The Relationship Between Robot Movement and Degrees of Freedom
On March 11, 2011, a major earthquake in Japan caused a nuclear fuel leak at the Fukushima Nuclear Power Plant. Workers entered the plant to prevent further leakage and lower the temperature of the fuel rods, but were eventually forced to withdraw due to high radiation levels. So, are radioactive materials still left unattended inside Japanese nuclear power plants? When the conditions inside the plant became too hazardous for human workers, the Japanese government decided to deploy robots.
The robots’ tasks inside the plant include monitoring the interior and collecting samples. Imagine a robot entering the plant to gather samples. Picking up objects is not as simple for a robot as it is for a human. Human hand movements involve highly complex coordination of muscles and joints; replicating this requires sophisticated design and control systems for robots.
Basic Structure and Degrees of Freedom of Robots
The fundamental foundation of a robot consists of joints and links. Joints are like human joints, and links are like bones. Even if there is an object that can be grasped sufficiently by bending the arm, putting a cast on the elbow would make that posture very awkward.

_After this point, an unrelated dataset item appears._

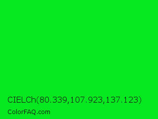 CIELCh 80.339,107.923,137.123 Color is a normal green color and the nearest color is Vivid Malachite #00cc33. Hex code #05e71f and RGB value is rgb(5,231,31). In RGB color space, this color is composed of 2% red, 91% green, 12% blue, In CMYK color space, this color is composed of 98% cyan, 0% magenta, 87% yellow , 9% black , In HSL color space, this color has a hue angle of 127° , 96% saturation and 46% lightness.

If both the elbow and shoulder were immobilized, grasping an object would require significantly more complex movements. The same principle applies to robots. For a robot to perform a task, specific movements of its joints and links are required, a concept described by the term degrees of freedom.

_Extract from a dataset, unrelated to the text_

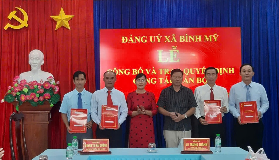 Điều động đồng chí Hồ Ngọc Hồ, Ủy viên Ban Chấp hành Đảng bộ, Phó Chủ tịch Ủy ban Mặt trận Tổ quốc Việt Nam xã đồng thời là Chủ tịch Hội Nông dân xã đến nhận công tác tại Văn phòng Đảng ủy xã Bình Mỹ, bỏ nhiệm giữ chức Chánh Văn phòng Đảng ủy xã Bình Mỹ.
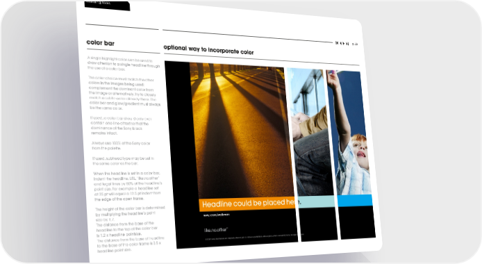 building tools p. 38 color bar optional way to incorporate color A single highlight color can be used to draw attenion to a single headline through the use of a color bar. The color choice must match the other colors in the images being used; complement the dominant color from the image or alternatively, try to closely match a subtle color already there. The color bar and glow/gradient must always be the same color. If used, a color bar should only ever contain one line of text so that the dominance of the Sony black remains intact. Always use 100% of the Sony color from the palette. If used, subhead type may be set in the same color as the bar. When the headline is set in a color bar, indent the headline, URL, ‘like.no.other’ and legal lines by 50% of the headline’s point size. For example a headline set at 25 pt will equal a 12.5 pt indent from . the edge of the open frame ������������������������������� The height of the color bar is determined �������������������������������������������������������������� by multiplying the headline’s point size by 1.7. ����������������������������� ����������������� The distance from the base of the headline to the top of the color bar is 1.2 x headline pointsize. The distance from the base of headline to the base of the color frame is 0.5 x ������������������������������������������������������������������������������������������������������������������������������������������������������������������������������������������������������������������������������������������������������������������������������������������������������������������������������������������������������������������������������������������������������������ headline point size.

Joints come in a wide variety of forms. There are revolute joints that rotate like the human elbow, cylindrical joints that rotate like the waist, and spherical joints that can move in multiple directions like the human shoulder. Beyond these, there are also screw joints that move vertically like a screw, among other types.
Generally, increasing the number of joints allows for more diverse movements, but simultaneously makes robot control more difficult and increases costs. Therefore, setting efficient degrees of freedom is crucial during robot design. Robotics engineers seek ways to efficiently control a robot’s movements through these degrees of freedom.

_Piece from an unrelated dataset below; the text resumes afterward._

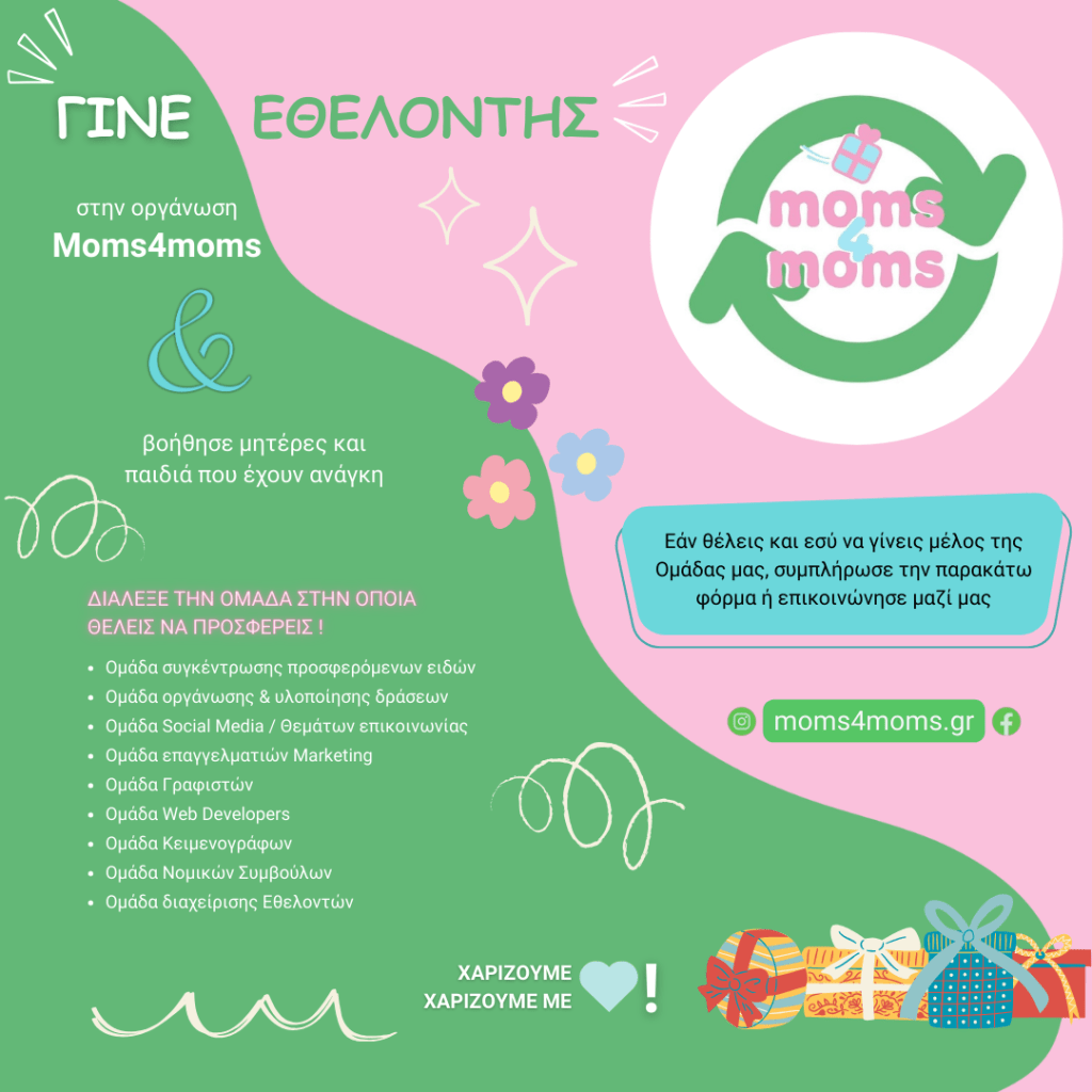 Ως Εθελοντής της Οργάνωσης “Moms4moms” έχεις την ευκαιρία να συμμετέχεις σε μία ή περισσότερες από τις παρακάτω ομάδες της επιλογής σου.

What is a degree of freedom?
A degree of freedom refers to the number of variables an object can freely move under given conditions. For example, an object suspended in the air possesses a total of 6 degrees of freedom: three in the horizontal plane (left-right, forward-backward) and three in the vertical plane (up-down), plus rotation in each direction. Human joints can also be analyzed based on these degrees of freedom. Revolute joints like the elbow or knee have 1 degree of freedom, while spherical joints like the shoulder or wrist have 3 degrees of freedom.
A robot’s degrees of freedom can be calculated using Gruebler’s formula. For instance, the human arm, composed of spherical joints at the shoulder and wrist and a revolute joint at the elbow, possesses a total of seven degrees of freedom. Applying a cast to the elbow reduces the degrees of freedom to six, and applying a cast to the shoulder reduces it to four. In this way, a robot’s movement can also be predicted by calculating its degrees of freedom.
The Importance of Degrees of Freedom in Robot Design
A robot’s degrees of freedom are not merely elements of simple movement; they are a crucial concept deeply intertwined with the overall robot design. Different degrees of freedom at each joint alter the range and efficiency of tasks the robot can perform. For example, an industrial robotic arm with 6 degrees of freedom is sufficient for grasping or moving objects in 3D space, but additional degrees of freedom are required for more precise tasks. Conversely, too many degrees of freedom increase control complexity and energy consumption. Therefore, finding the optimal number of degrees of freedom for each task environment is key for robot designers.
Furthermore, the role of degrees of freedom becomes even more critical when designing robots to operate in diverse environments. For instance, robots operating in extreme environments like power plants must achieve maximum efficiency within a limited number of degrees of freedom. This helps reduce the complexity of the robot’s design and control while maintaining high reliability.
Robot Applications and Degrees of Freedom Calculation
Most popularly known robots are humanoid robots resembling humans. However, for robots entering power plants, functionality is more important than a human-like shape. Robots designed to move effectively on slopes and uneven terrain can perform tasks flawlessly in complex environments based on their diverse degrees of freedom. Calculating degrees of freedom is essential for predicting such robotic movements.
For example, a snake-like robot is designed to navigate complex environments freely, and its movements are made possible by precisely calculating the degrees of freedom for each joint and link. Using this principle, the day may come when robots that transform from cars into humanoid forms and move freely, like the Transformers in the movies, can be realistically implemented. Since that robot is also composed of links and joints, its range of motion can be predicted through degrees of freedom calculations.
By analyzing and designing robot motion through degrees of freedom in this manner, we can create robots that operate efficiently in diverse environments. In the future, increasingly complex and sophisticated degrees of freedom calculations will enable robots to move freely even in places inaccessible to human hands.